§ EXERCISE AIM: Extract every line between the one with "Therwil dominiert das" and the end of the entries, both included, word for word and free of pictures.

[Records from a data collection]
-=-=-

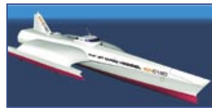
Den planlagte hurtigfergen mellom Drammen og kontinentet.

Dørene åpner kl. 09.00, og vi holder det gående frem til kl. 16.00 med foredrag, åpent standområde, lunsj og spennende kollegaer fra næringslivet i Drammensregionen. Gratis adgang. Invitasjon kommer.
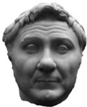
Gnaeus Pompeius Magnus
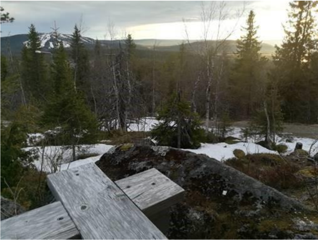
KUVA 1. Viileä alkukesän sää lumipeitteineen loi raikkaat olosuhteet kehityspäiville Pikku-Syötteellä

Sain tehtäväkseni taustoittaa kesällä 2017 pidetyillä osastomme kehityspäivillä julkaisuteemaa sekä organisoida asiaan liittyvää kehittämistä jatkossa. Sovimme kehityspäiville pienimuotoisen puheenvuoron ja yhteisen keskustelutilaisuuden asiasta. Kehityspäivien yhteydessä tehtynä tämän aihepiirin avarakatseinen pohdinta rutiininomaisista työympyröistä irrallaan oli tärkeää (kuva 1).
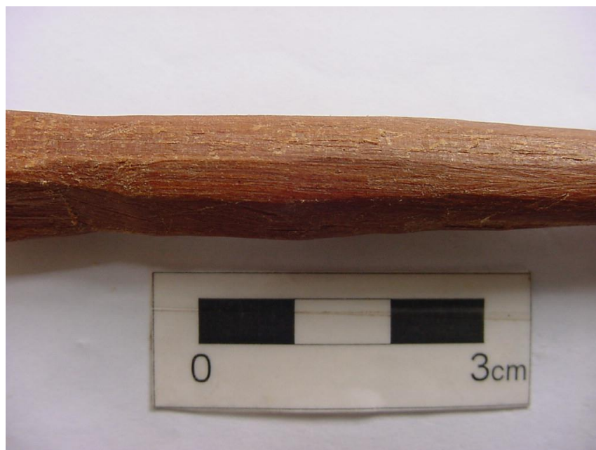
Foto 9. Detalhe de haste de madeira facetada, calibrada com concha de gastrópode terrestre.
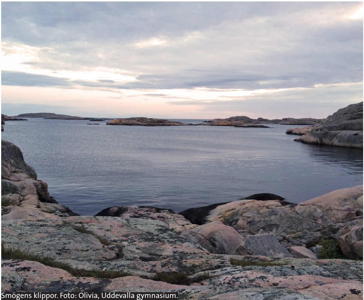
Smögens klippor.

Lista på alla arrangemang 2015 Styrelsen för geologins dag 2015 Mer om geologins dag
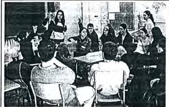
Els participants del concurs del "Periódico".

també. Va ser una mica caòtic, però al final tot va sortir bé. Va ser una bona experiència.
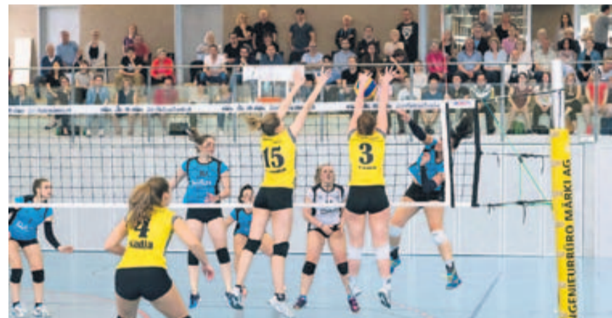
Therwil dominiert das Team aus dem Jura mit einem starken Kollektiv.
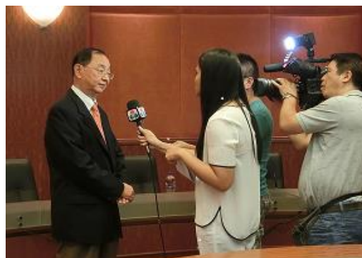
『澳門消費者信心指數 2015 年第 2 季』新聞發佈會現場
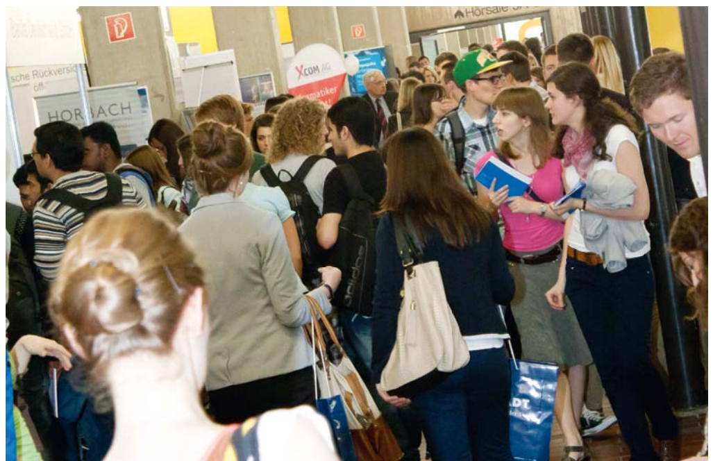
► Mit rund 2.500 Besuchern verzeichnete die Messe einen neuen Besucherrekord.
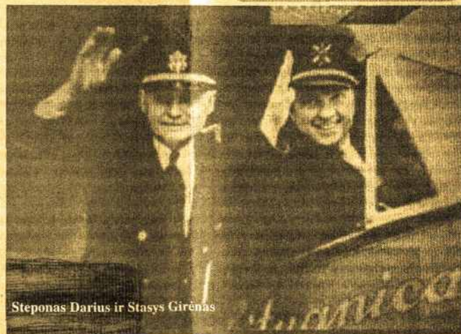
Steponas Darius ir Stasys Girėnas
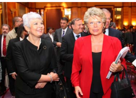
→ Premijerka Kosor i potpredsjednica Reding
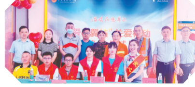
▲随州分公司联合市总工会开辟爱心驿站,为户外工作者提供便利服务

-=-=-

§ SOLUTION:
Therwil dominiert das Team aus dem Jura mit einem starken Kollektiv.
『澳門消費者信心指數 2015 年第 2 季』新聞發佈會現場
► Mit rund 2.500 Besuchern verzeichnete die Messe einen neuen Besucherrekord.
Steponas Darius ir Stasys Girėnas
→ Premijerka Kosor i potpredsjednica Reding
▲随州分公司联合市总工会开辟爱心驿站,为户外工作者提供便利服务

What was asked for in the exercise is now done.